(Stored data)
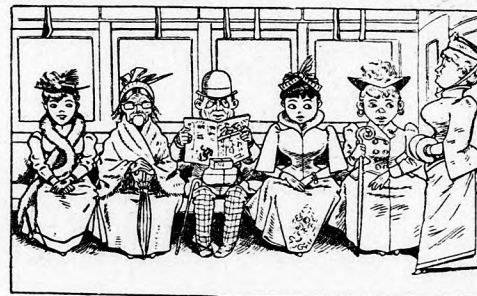
Dagegen ist es unausstehlich, Wird eine Dame überzählig.
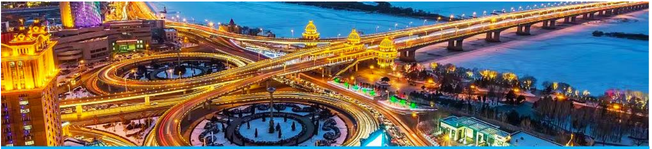
นครฮาร์บิน
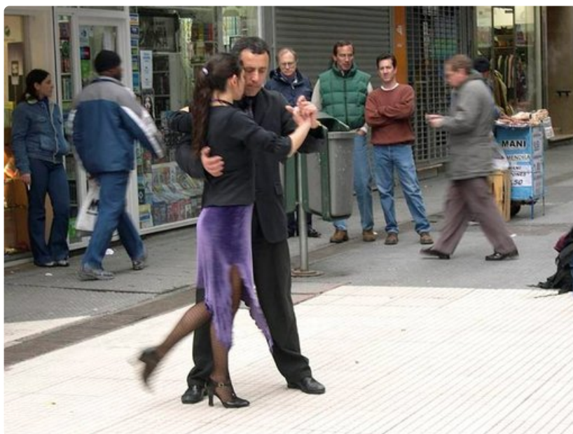
Tango on argentiinalaisten suuresti rakastama tanssi.
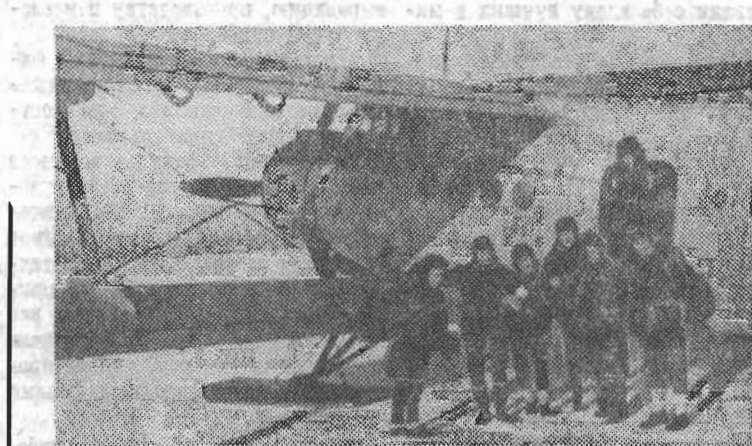
В отдаленных таежных районах Коми АССР побывал агитотряд ЛИТМО.

Интересные дела ожидают литмонавтов нынешним летом. Отряды студентов-строителей примут
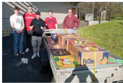
Dobrovolníci při svozu darovaných potravin.

Do sbírky se zapojilo 20 dobrovolníků, kteří darovali 111 hodin ze svého volného času. V charitních barvách se také nově objevilo 10 studentů SPŠ a VOŠ Chomutov, ale i členové ostatních neziskových organizací. „Tak jako z podzimní sbírky, tak i z této darované potraviny rozdělíme samoživitelkám s dětmi, osamělým seniorům, rodinám s nemocnými členy, lidem s postižením, rodinám v přechodných těžkostech, anebo lidem zcela na okraji společnosti,“ vysvětlil ředitel Cha-
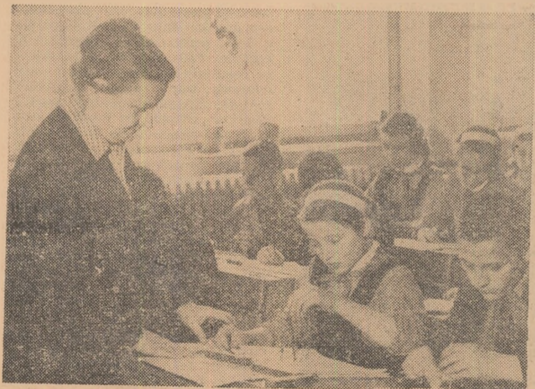
La ora de desen
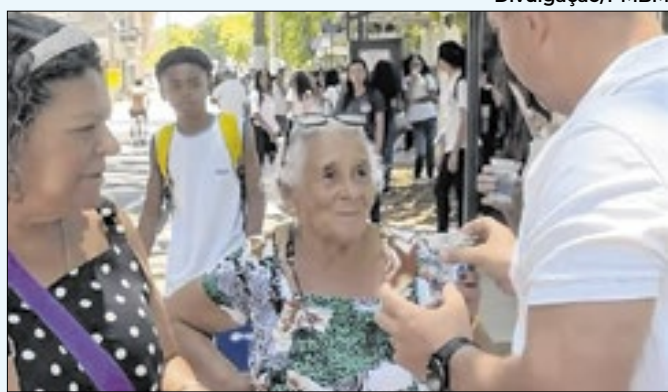
Furlani ajuda na entrega de água para moradores

ções de confiança, cargos de comissão e secretários. O único subsídio a não receber aumento será o do prefeito. O menor vencimento pago pelo governo municipal será de quase R$ 2,1 mil.

» **EXERCISE REQUIREMENTS**
From the data above, retype only the lines starting with the line with "Do sbírky se" and going on through the line with "La ora de desen", exactly, leaving out the pictures.

» **ANSWER TO THIS EXERCISE**
Do sbírky se zapojilo 20 dobrovolníků, kteří darovali 111 hodin ze svého volného času. V charitních barvách se také nově objevilo 10 studentů SPŠ a VOŠ Chomutov, ale i členové ostatních neziskových organizací. „Tak jako z podzimní sbírky, tak i z této darované potraviny rozdělíme samoživitelkám s dětmi, osamělým seniorům, rodinám s nemocnými členy, lidem s postižením, rodinám v přechodných těžkostech, anebo lidem zcela na okraji společnosti,“ vysvětlil ředitel Cha-
La ora de desen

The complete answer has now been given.